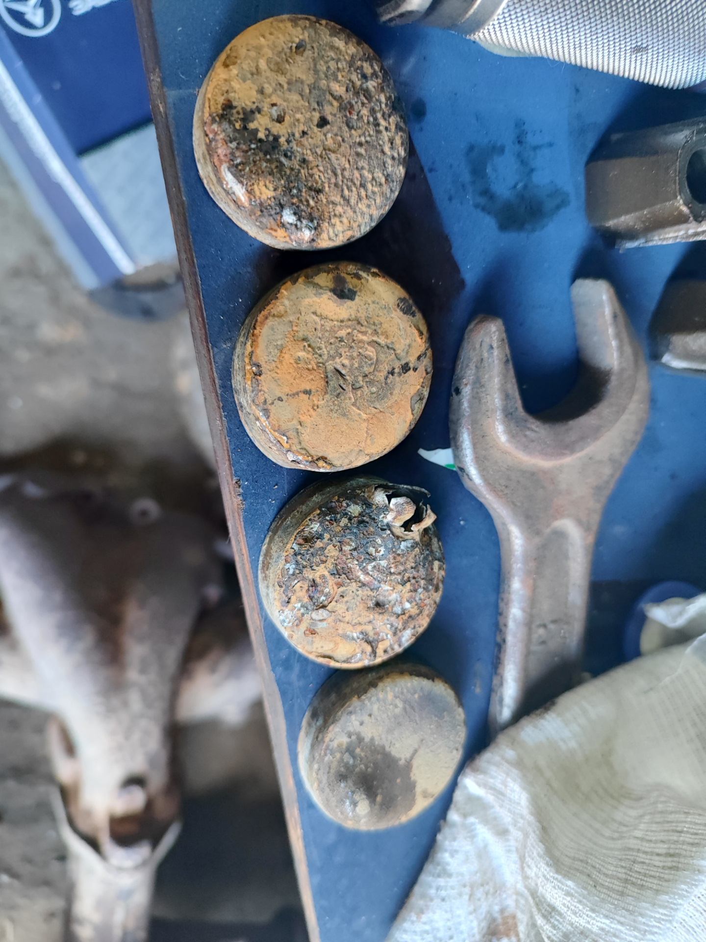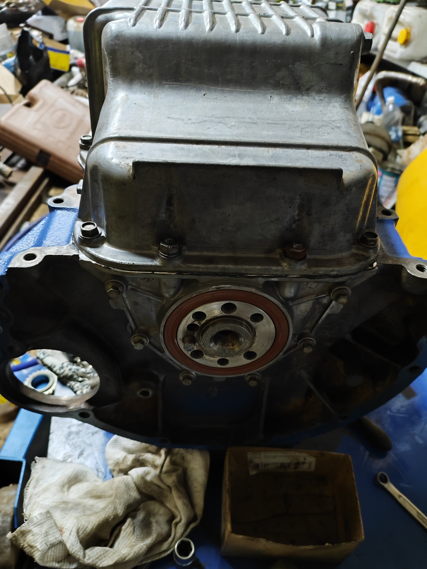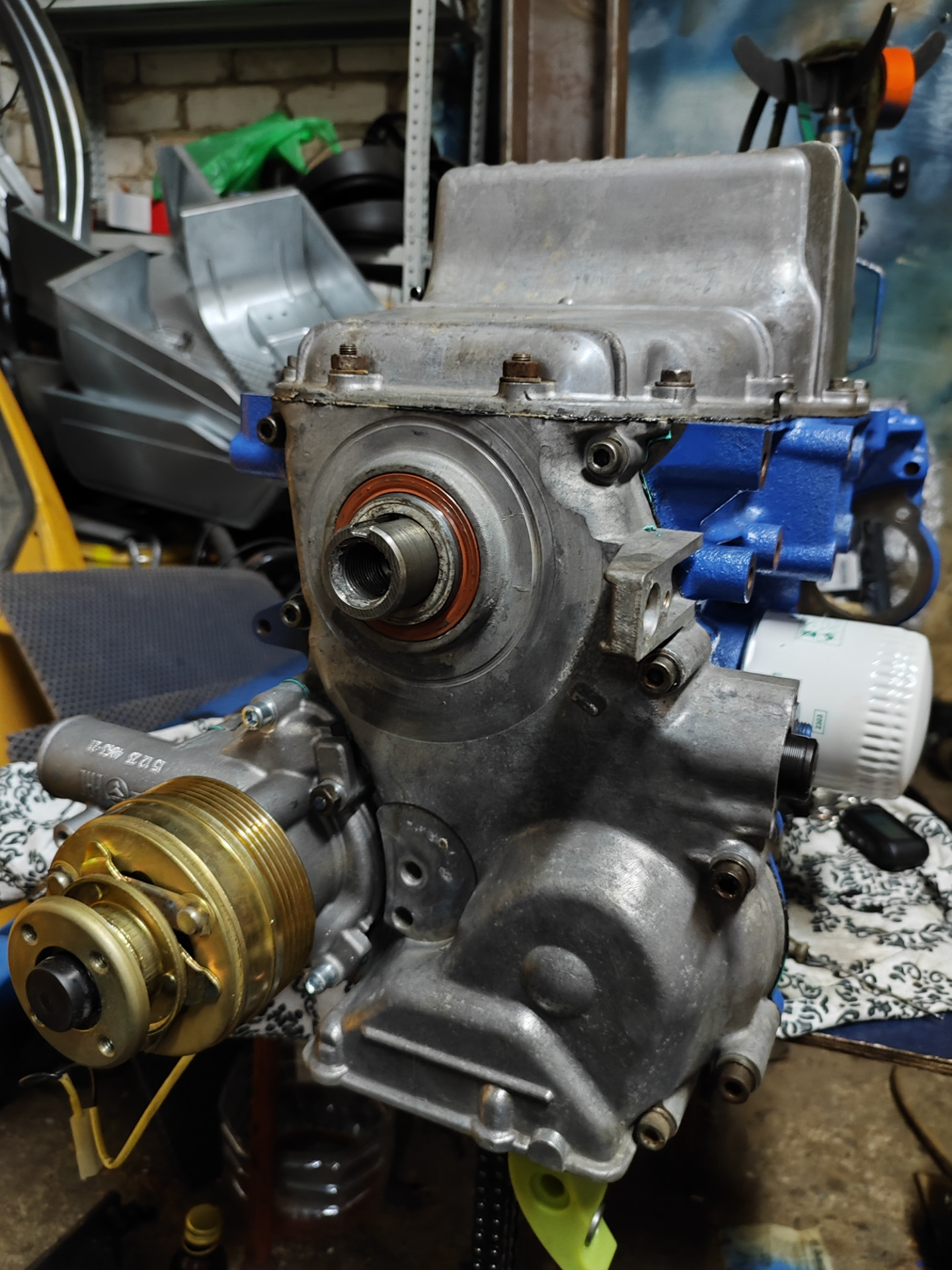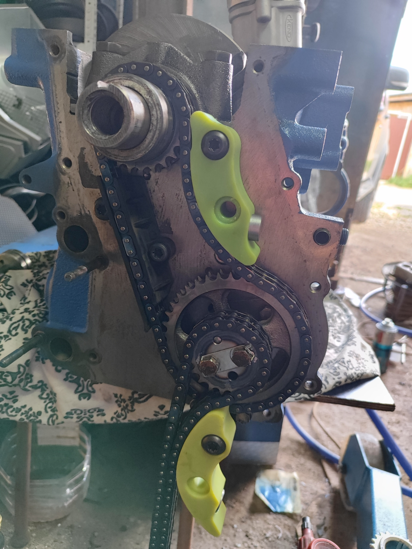 Всем салам! Не стоим на месте) заменил все 6 заглушек на блоке, по факту печальными были только пара, а заглушка за трубой промвала вообще всю кровь выпила, но я ее осилил🤣🤣🤣 Собран низ, поставил из заначки 514ый насос Кено, цепи на башмаках. Башмаки Бон типа вечные, но это не точно) скоро товарищу буду менять как раз и посмотрю что с ними стало после 80 тысяч пробега) Пром вал поставил тоже из старых запасов б.у.цельный а не на прессованный который тут же может провернуть. Все очищено и отпидорено) для сравнения фото до и после) помпу поставил оригинал т.к. всякие Кено ходят 40-60 и начинают шуметь.
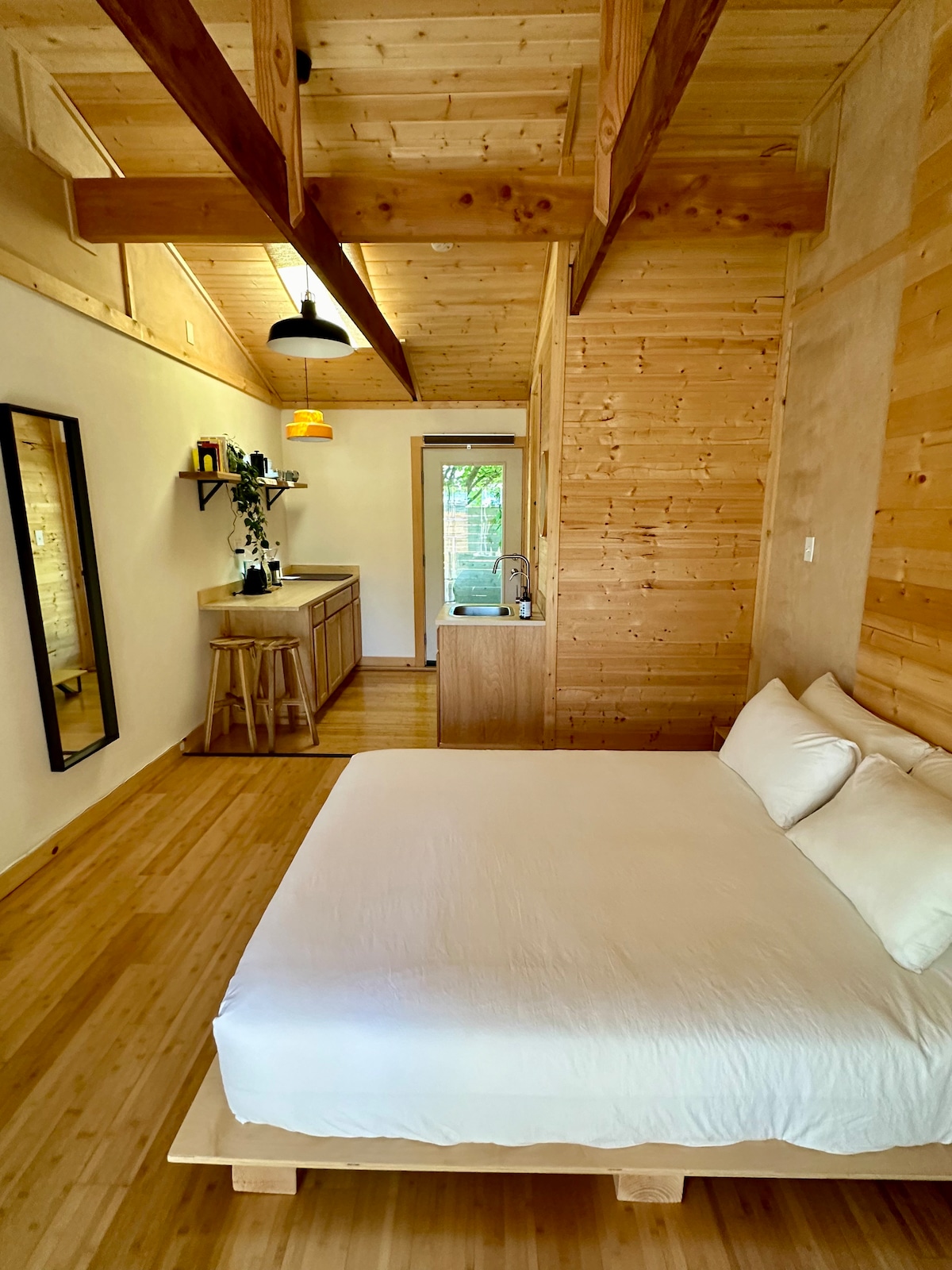 Newly built, stand alone modern home, beautiful and fully private for you alone! Designed and built by local, award winning architect! This cozy, quiet, relaxing escape has great access to the city. Just minutes to airport, 15 minutes to downtown and near two major freeways. Close to the action but just off the beaten path. Full amenities, Kitchen, dining, comfy queen memory foam mattress, washer/dryer, 45" smart TV with WIFI, AC/split unit, W/D, private, quiet, great workspace!
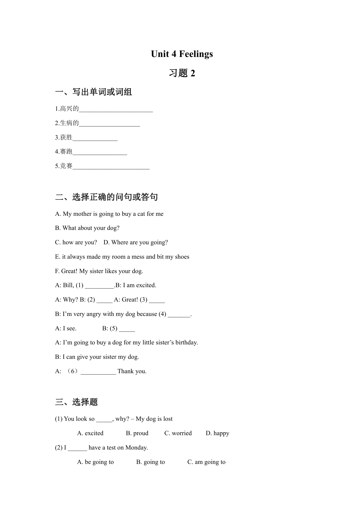 上一篇:六年级上册英语Unit 4 Feelings 习题 1
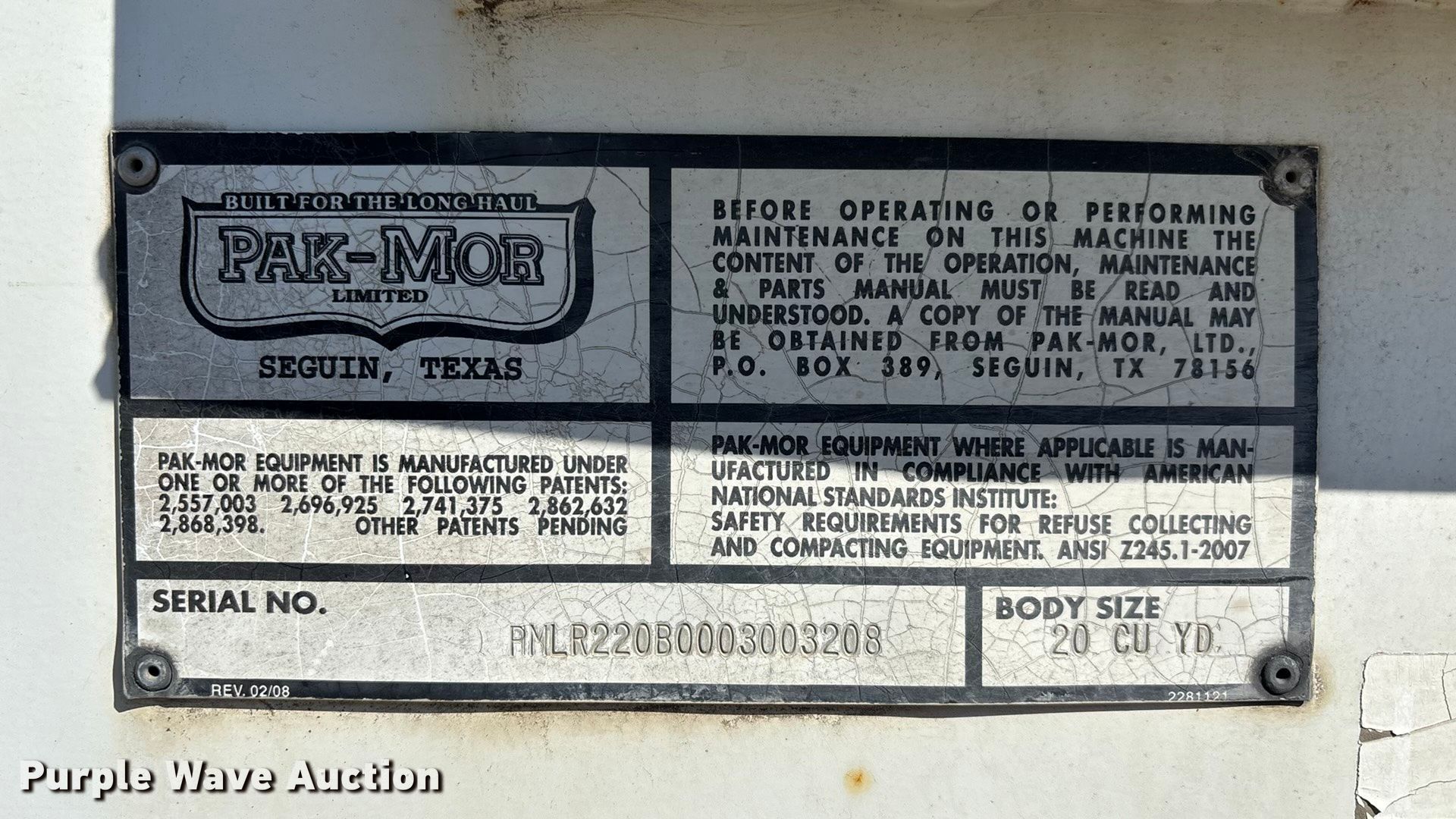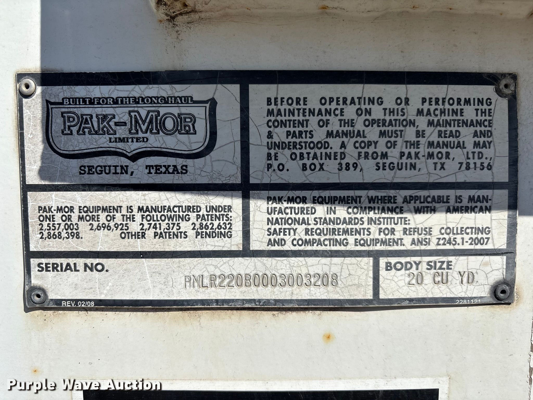 2009 Freightliner Business Class M2 refuse truck. Miles: 38,901 on odometer, Hours: 1,739 on meter, VIN: 1FVACXBS29HAF7921. Engine Cummins, Displacement: 8.3L, Fuel type: Diesel. Transmission Allison, Automatic. Chassis Axles: Single, Suspension: Spring, Brakes: Air, GVWR: 33,000 lbs, Wheelbase: 204". Interior Heat, Cruise control, Backup camera. Features Refuse bed Pak-Mor, Serial: PMLR220B0003003208, Capacity: 20 cu.yd., Load: Rear, Cart tipper, Winch. Tires Size: 11R22.5, Brand: Goodyear. Notes Decals will be removed prior to auction, Oil leak, Air brakes issues, leaks, Dash warning indicator: Check engine. Kansas title. Title distribution may be delayed up to 14 days from verification of funds. City Of Atchison. Atchison, KS 66002
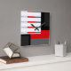Red Grey Black and White Striped Block Square Wall Clock
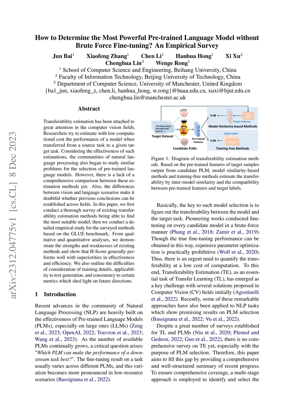 Transferability estimation has been attached to great attention in the computer vision fields. Researchers try to estimate with low computational cost the performance of a model when transferred from a source task to a given target task. Considering the effectiveness of such estimations, the communities of natural language processing also began to study similar problems for the selection of pre-trained language models. However, there is a lack of a comprehensive comparison between these estimation methods yet. Also, the differences between vision and language scenarios make it doubtful whether previous conclusions can be established across fields. In this paper, we first conduct a thorough survey of existing transferability estimation methods being able to find the most suitable model, then we conduct a detailed empirical study for the surveyed methods based on the GLUE benchmark. From qualitative and quantitative analyses, we demonstrate the strengths and weaknesses of existing methods and show that H-Score generally performs well with superiorities in effectiveness and efficiency. We also outline the difficulties of consideration of training details, applicability to text generation, and consistency to certain metrics which shed light on future directions.

☆ ☆ ☆

— WORK ORDER —
Without the pictures, return the whole of the data exactly as given.

— EXPECTED ANSWER —
 Всем салам! Не стоим на месте) заменил все 6 заглушек на блоке, по факту печальными были только пара, а заглушка за трубой промвала вообще всю кровь выпила, но я ее осилил🤣🤣🤣 Собран низ, поставил из заначки 514ый насос Кено, цепи на башмаках. Башмаки Бон типа вечные, но это не точно) скоро товарищу буду менять как раз и посмотрю что с ними стало после 80 тысяч пробега) Пром вал поставил тоже из старых запасов б.у.цельный а не на прессованный который тут же может провернуть. Все очищено и отпидорено) для сравнения фото до и после) помпу поставил оригинал т.к. всякие Кено ходят 40-60 и начинают шуметь.
 Newly built, stand alone modern home, beautiful and fully private for you alone! Designed and built by local, award winning architect! This cozy, quiet, relaxing escape has great access to the city. Just minutes to airport, 15 minutes to downtown and near two major freeways. Close to the action but just off the beaten path. Full amenities, Kitchen, dining, comfy queen memory foam mattress, washer/dryer, 45" smart TV with WIFI, AC/split unit, W/D, private, quiet, great workspace!
 上一篇:六年级上册英语Unit 4 Feelings 习题 1
 2009 Freightliner Business Class M2 refuse truck. Miles: 38,901 on odometer, Hours: 1,739 on meter, VIN: 1FVACXBS29HAF7921. Engine Cummins, Displacement: 8.3L, Fuel type: Diesel. Transmission Allison, Automatic. Chassis Axles: Single, Suspension: Spring, Brakes: Air, GVWR: 33,000 lbs, Wheelbase: 204". Interior Heat, Cruise control, Backup camera. Features Refuse bed Pak-Mor, Serial: PMLR220B0003003208, Capacity: 20 cu.yd., Load: Rear, Cart tipper, Winch. Tires Size: 11R22.5, Brand: Goodyear. Notes Decals will be removed prior to auction, Oil leak, Air brakes issues, leaks, Dash warning indicator: Check engine. Kansas title. Title distribution may be delayed up to 14 days from verification of funds. City Of Atchison. Atchison, KS 66002
Red Grey Black and White Striped Block Square Wall Clock
 Transferability estimation has been attached to great attention in the computer vision fields. Researchers try to estimate with low computational cost the performance of a model when transferred from a source task to a given target task. Considering the effectiveness of such estimations, the communities of natural language processing also began to study similar problems for the selection of pre-trained language models. However, there is a lack of a comprehensive comparison between these estimation methods yet. Also, the differences between vision and language scenarios make it doubtful whether previous conclusions can be established across fields. In this paper, we first conduct a thorough survey of existing transferability estimation methods being able to find the most suitable model, then we conduct a detailed empirical study for the surveyed methods based on the GLUE benchmark. From qualitative and quantitative analyses, we demonstrate the strengths and weaknesses of existing methods and show that H-Score generally performs well with superiorities in effectiveness and efficiency. We also outline the difficulties of consideration of training details, applicability to text generation, and consistency to certain metrics which shed light on future directions.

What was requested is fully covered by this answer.